積極補強チェルシーとランパード体制2年目
同様に、残るトップ4候補もリバプールとのギャップを詰められるかというと、2年前に突入した「2強」時代はまだ終わりそうにない。先頭第2グループのリーダーと目されるのは、一昨季は72ポイントの3位で、昨季も66ポイント、4位につけたチェルシー。ただし、今夏の積極補強をもってしても、勝ち点を優勝の目安となる90ポイントへと一気に伸ばせるとは思えない。
9月14日の開幕節ブライトン戦(3-1)、RBライプツィヒから移籍したティモ・ベルナーは、先制のPKを奪うなど新CFとして10点満点で7点は与えられる出来で、バイエル・レバークーゼンから買い入れたカイ・ハフェルツも、まずは2列目右サイド起用で及第点のデビューを飾ったが、2-1とした後に2-2とされそうな場面もあったように、1、2点のリードでは安心できないチームの姿は昨季の延長線上にあった。
フランク・ランパードは、2億ポンド(約280億円)を越す補強に伴うプレッシャーの中で監督就任2年目を迎える。
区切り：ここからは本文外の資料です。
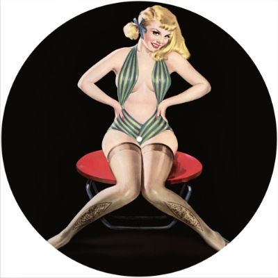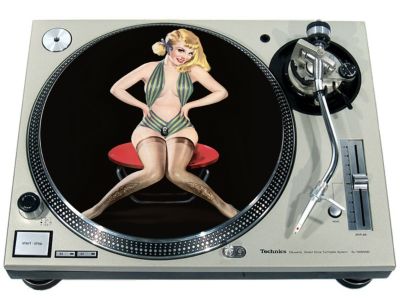 High quality felt turntable slipmat imprinted with an image of Pin Up Girl Bashfull. The mat is regular thickness (3/32" or 2mm) and is sized to fit any 12 inch turntable. It is anti static, has a glazed bottom to grip and avoid slippage, feels great and works well for scratching or just playing your records. The image is impregnated into the surface of the mat, so it cannot scratch off or damage the record.
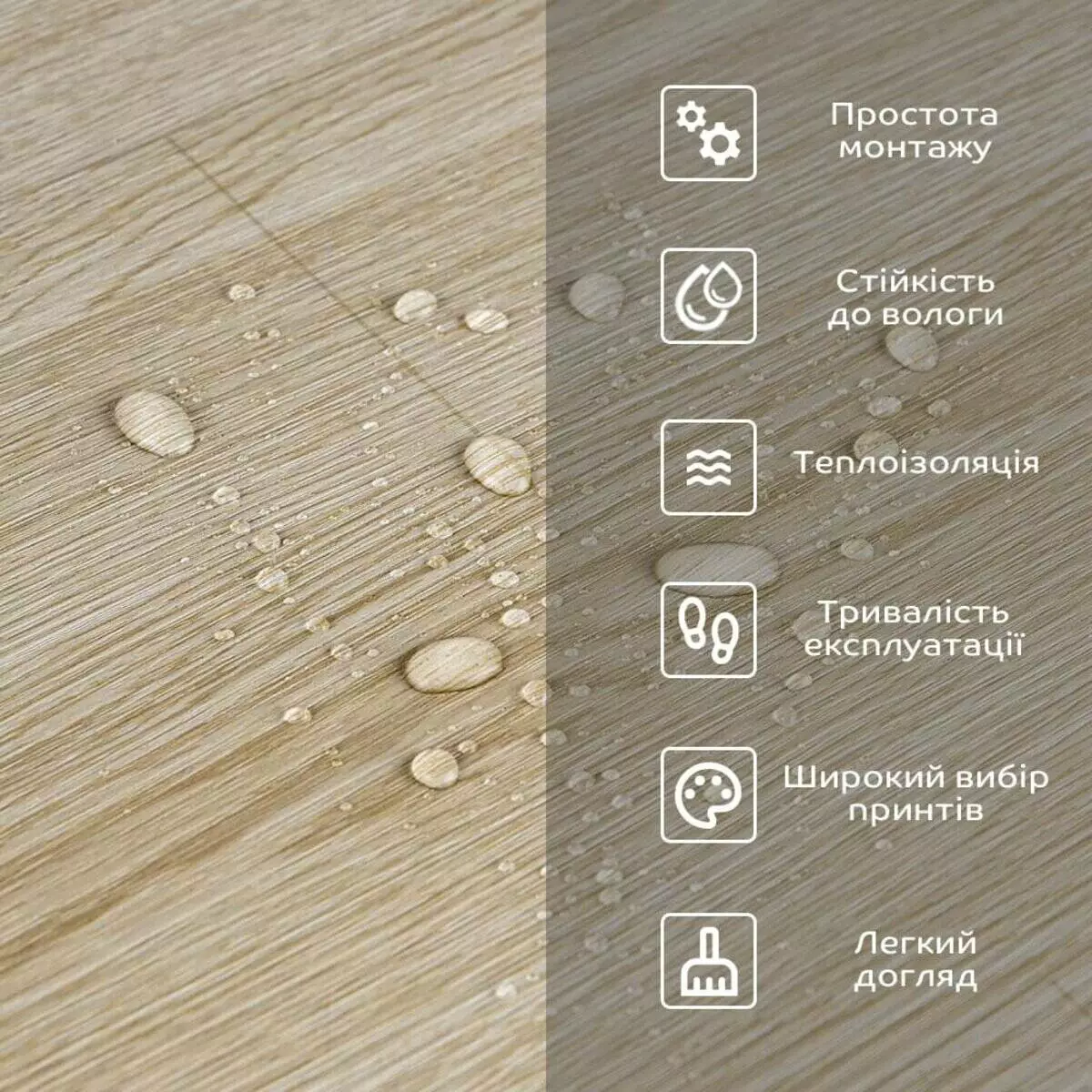 - Естетична складова: широкий вибір принтів, що імітують натуральні матеріали, дозволяє підібрати покриття, яке відповідає вашому стилю та інтер'єру, дуже добре комбінується за гамою кольорів, дозволяючи створити власний дизайн приміщення;
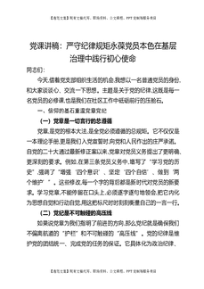 党课讲稿:严守纪律规矩永葆党员本色在基层治理中践行初心使命.docx
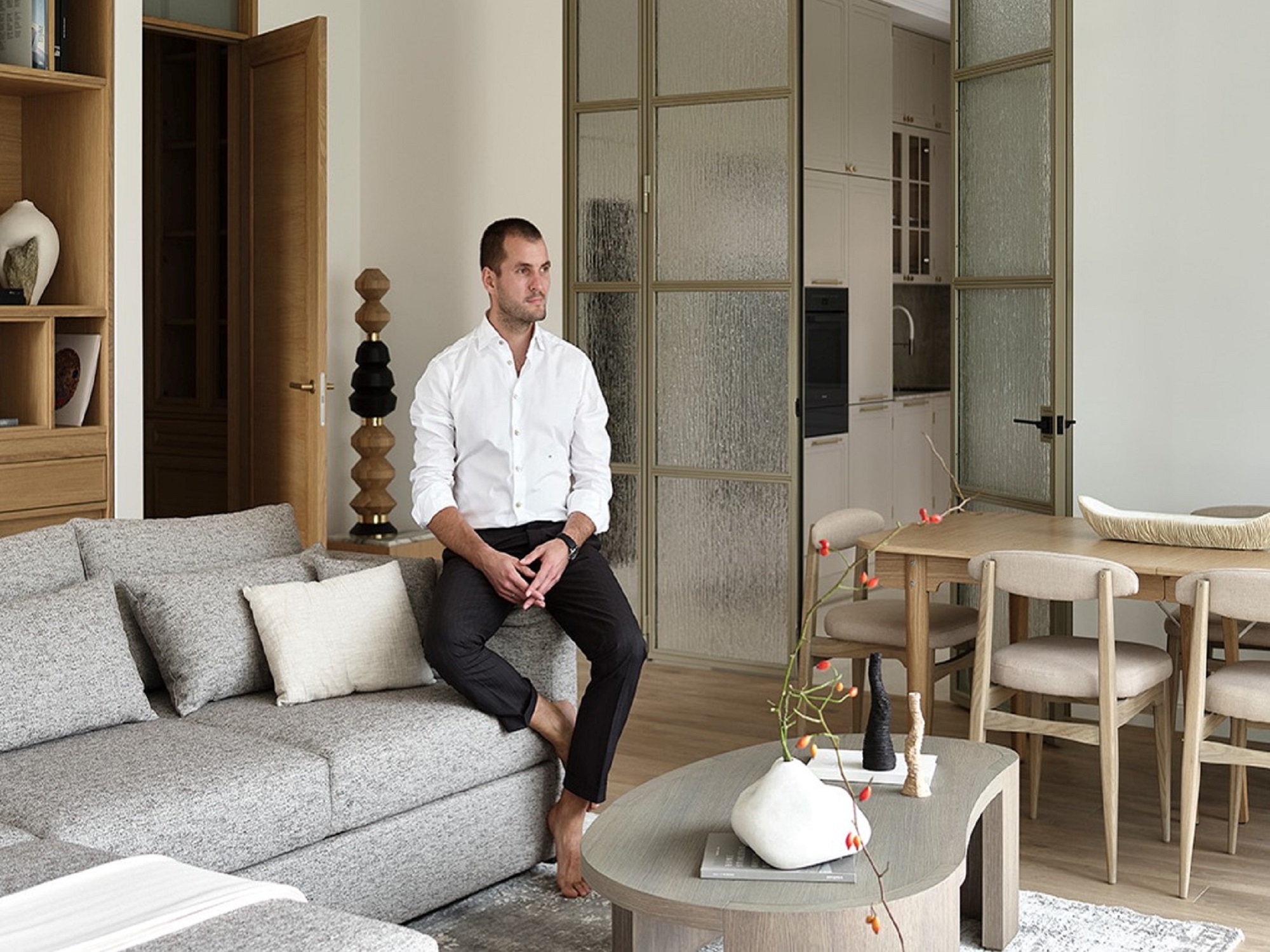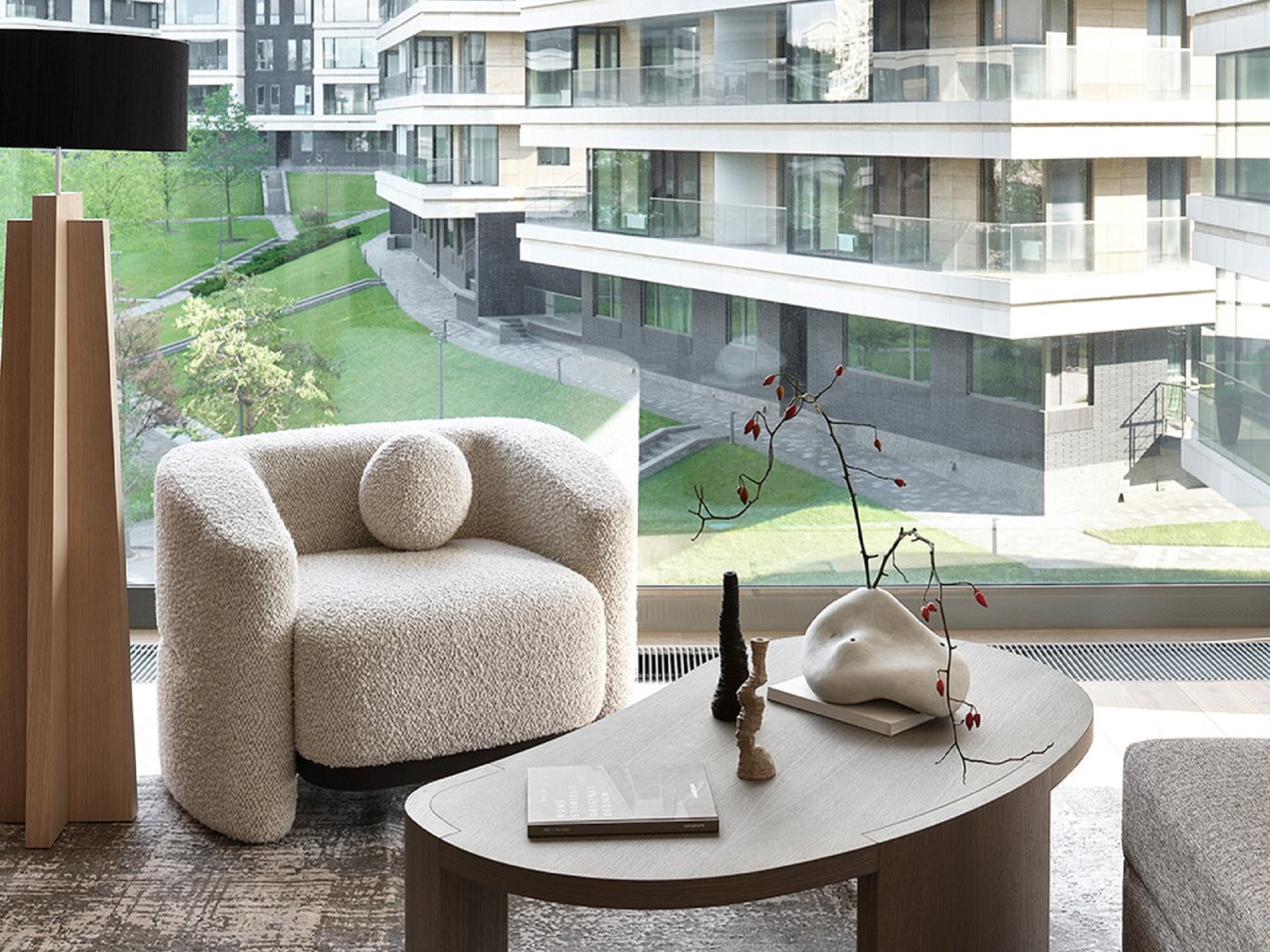 Архитектор Никита Бондарь о проекте: С хозяином этой квартиры мы дружим не первый год: это пунктуальный и дисциплинированный человек, у которого всегда много задач по работе. В семье ожидалось рождение четвертого ребенка, поэтому новое, более просторное жилье стало необходимостью. Одним из главных пожеланий хозяев квартиры было жить в гармонии с природой, находясь при этом в мегаполисе. В итоге нам удалось найти баланс между внешней средой и внутренним пространством и создать нужный визуальный код. Планировка На площади 200 м2 продумано все до мелочей. Так, в большой гостиной удобно собираться всей семьей, здесь стоит фортепиано, чтобы устраивать музыкальные вечера. Инструмент перевезли из старой квартиры, на нем играют и взрослые, и дети. Вообще, эмоциональными акцентами этот интерьера стали музыкальные инструменты - символ семейного наследия. Для каждого из них выбирали особенное место. Кухню отделяют от гостиной распашные двери, при желании их можно закрыть, скрыв рабочую зону от глаз. В коридоре разместилась домашняя библиотека, в которой хранится много интересных изданий. Комната двух сыновей оборудована антресолью, которая стала пространством для игр. Внизу расположено две кровати и один стол, но с двумя рабочими местами, чтобы мальчики не мешали друг другу заниматься. Комната девочек получилась нежной и воздушной, ее пространство не перегружено предметами, что подчеркивает изящность линий и форм.
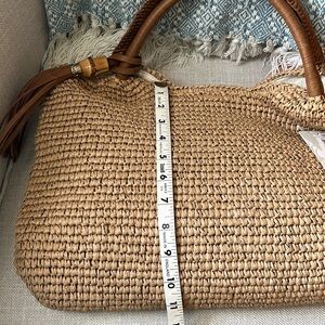 Tommy Bahama woven straw tote in natural hue. Rounded top handles with wrapped detailing. Decorative leather tassel accent. Spacious, casual design for everyday wear.
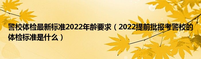 大家好,小高来为大家解答以上问题。警校体检最新标准2022年龄要求,2022提前批报考警校的体检标准是什么很多人还不知道,现在让我们一起来看看吧!
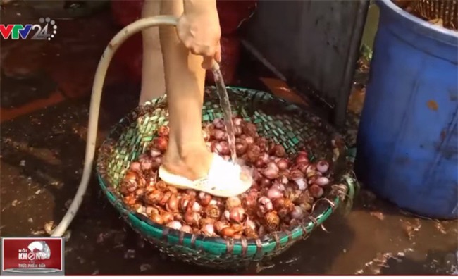 Hành đã thối rữa được xử lý trước, dùng chân giẫm lên để rửa, nhằm làm bong tróc lớp vỏ thối ra khỏi củ hành.
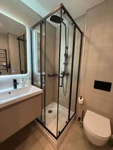О комплексе: огромная лобби - зона для отдыха, встреч и деловых переговоров. Рестораны и бары, полноценный фитнес-клуб и спа с бассейном, переговорная комната. Несколько скоростных пассажирских и грузовых лифтов. Собственная служба охраны. Платная и бесплатная парковки.
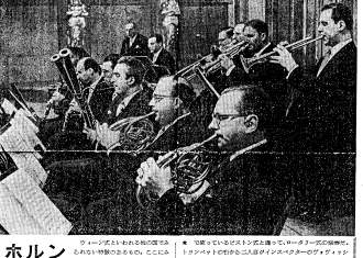 ![]() clip out from Asahi Shimbun 1956, first Japan tour of the VPO; horn player in front Josef Koller, next to him Gottfried von Freiberg. behind to him first trumpet player & general manager Helmut Wobisch (last row, second from right). Foto taken in the Golden Hall of the Vienna Musikverein.- Ausschnitt aus der Asahi Shinbun (Tokyo) von 1956, von der ersten Japanreise der Wiener Philharmoniker: vorne Josef Koller, dahinter in der Reihe Gottfried von Freiberg, hinter ihm Solotrompeter und Manager Helmut Wobisch. Das Foto ist aus dem Goldenen Saal im Musikverein in Wien |
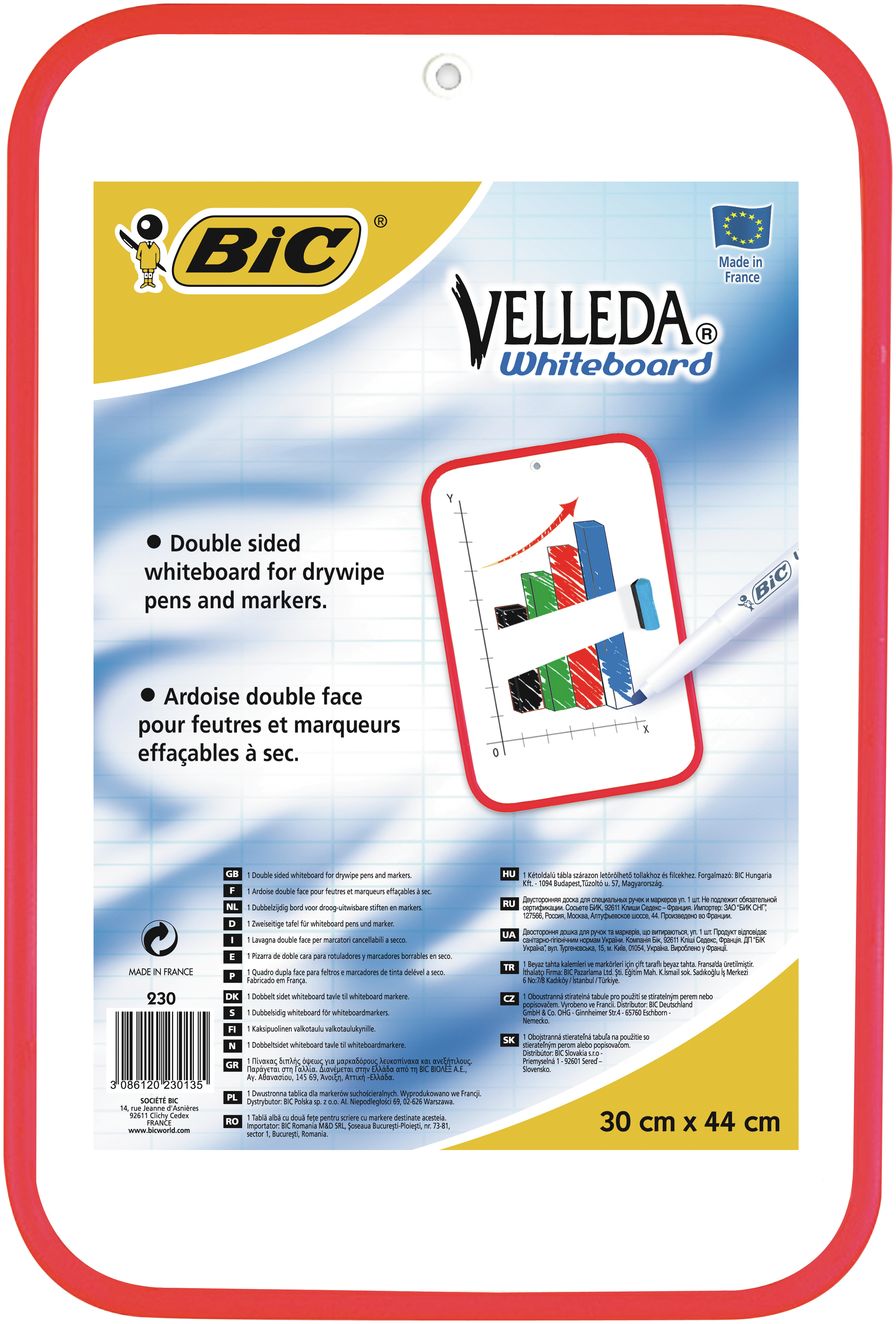 Libellé BIC Velleda Tableau Double Face Effaçable à Sec (30 x 44 cm) - Rouge, Lot de 1
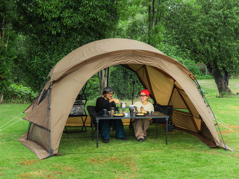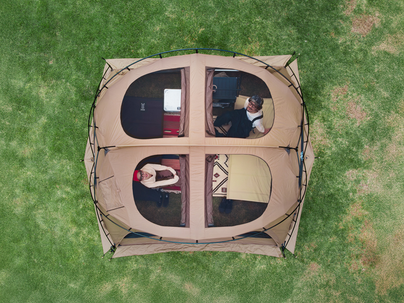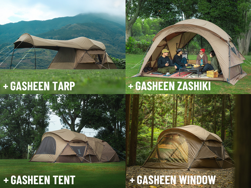 さらに専用オプション(テント、オープンタープ、フロアシート、TPU透明窓)を連結することで、2ルーム化やお座敷化など多様なキャンプスタイルにアレンジできます。
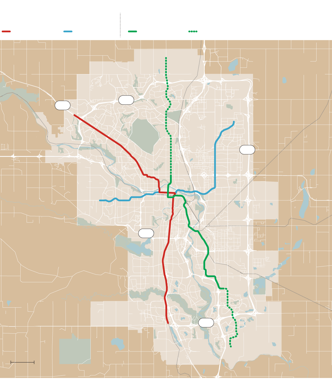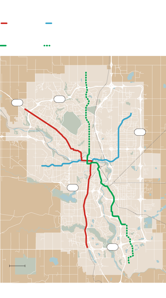 Calgary’s two existing light-rail lines merge and cross downtown at street level. A Green Line built through downtown would be perpendicular to that transit way.
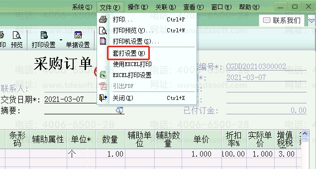 1、打开需套打的采购订单点击右上角[文件]-[套打设置],进入套打设置界面之后再点击[套打设置]重新登录该账套进入套打设计器;
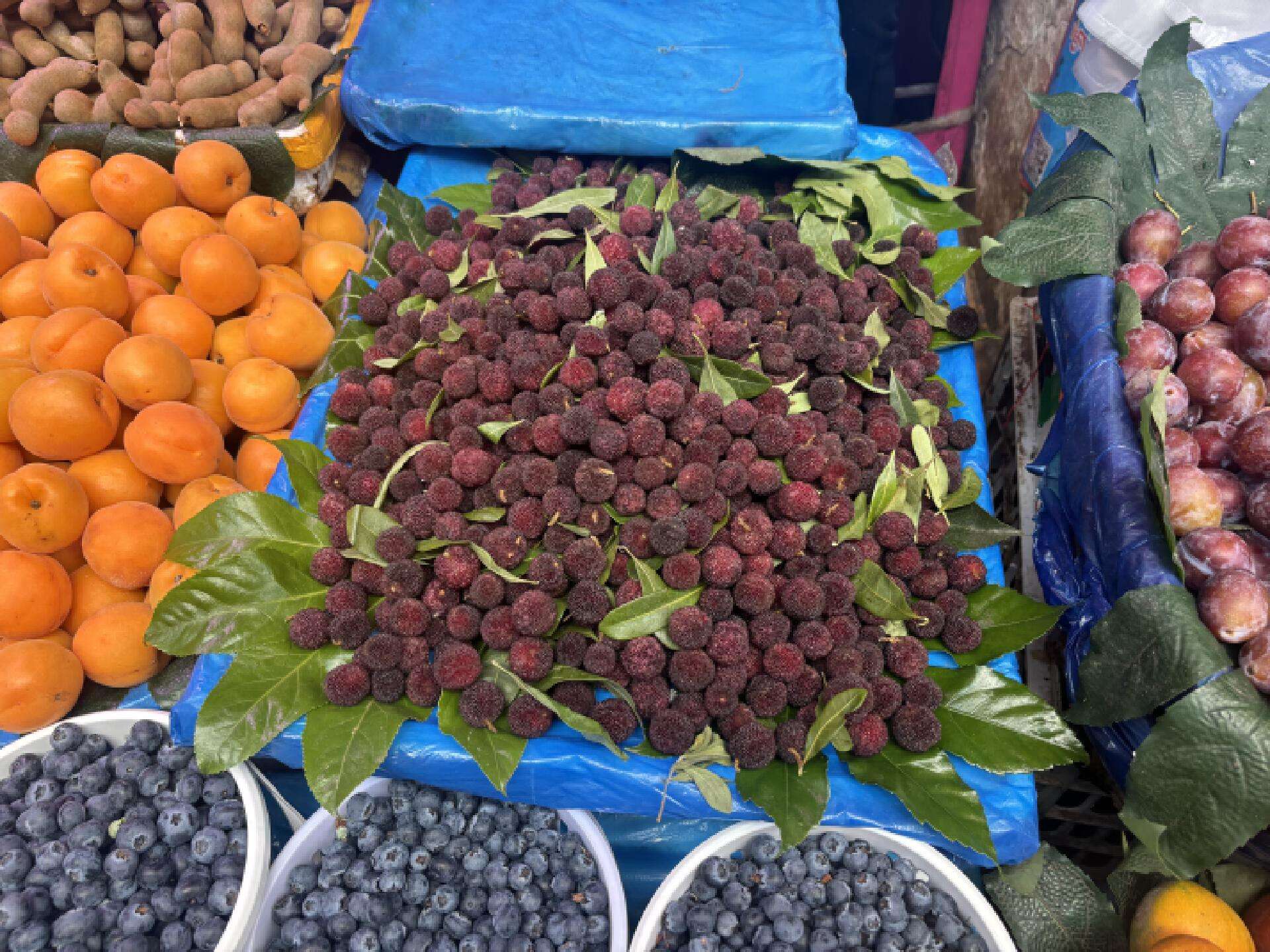 在昆明水果市场,水果商们售卖的杨梅主要以石屏杨梅和富民杨梅为主。受独特地理气候条件影响,石屏杨梅的成熟时间早于富民杨梅。
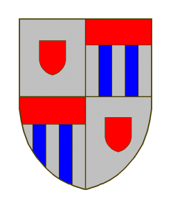 Écartelé: aux I et IV d’argent à un écusson de gueules en abîme, aux II et III d’argent à deux pals d’azur, au chef de gueules.
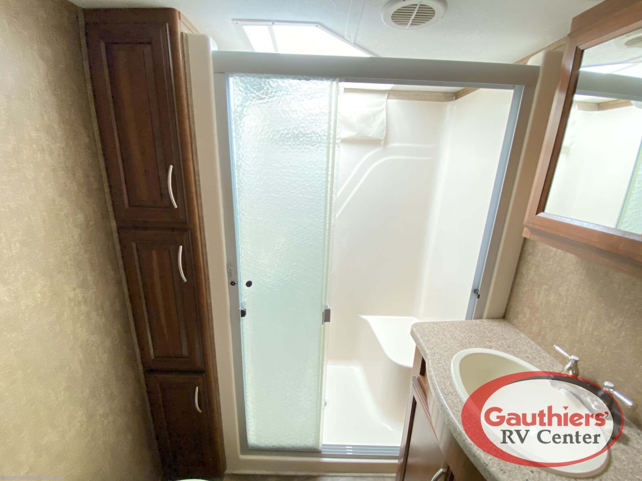 Fireplace, Fold and Tumble Sofa, Free Standing Dinette w/Chairs, Island Kitchen, King Size Bed, Pantry, Pleated Shades, Shower, Solid Surface Countertops, Theater Seating, Toilet, Washer/Dryer Prep
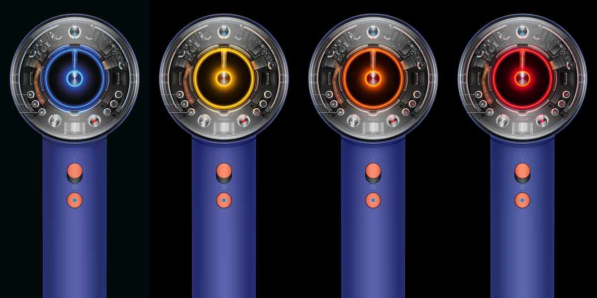 圖片來源:Dyson 而頭皮最佳吹整溫度設定在 55°C,也是源於 Dyson 工程師及頭髮科學專家進行大量頭髮和頭皮研究以及測試下,發現過熱的溫度會加快水份流失進而造成多種頭皮問題產生。55°C 正是鎖住頭皮水份的最佳溫度,同時也有助於強韌頭皮屏障4,實現秀髮的水潤光澤。在頭皮保護模式下,LED 溫度指示燈的顏色會因應吹風機和頭部之間的距離變化顯示當前吹風機溫度自動由冷風(藍色)→低溫(黃色)→中溫(橙色)→高溫(紅色),從而降低極端高溫對頭皮的熱傷害,達到養護的效果。

ベンチで開幕を迎えたストライカーのタミー・エイブラハムの他にも、アヤックスから加入した新ウィンガーのハキム・ツィエク、パリ・サンジェルマンを出たCBのチアゴ・シウバといった新戦力のコンディションが整えば、レギュラー扱いだった昨季からの状況の一変にユース上がりの若手が不満を抱く内情とも向き合わなければならないだろう。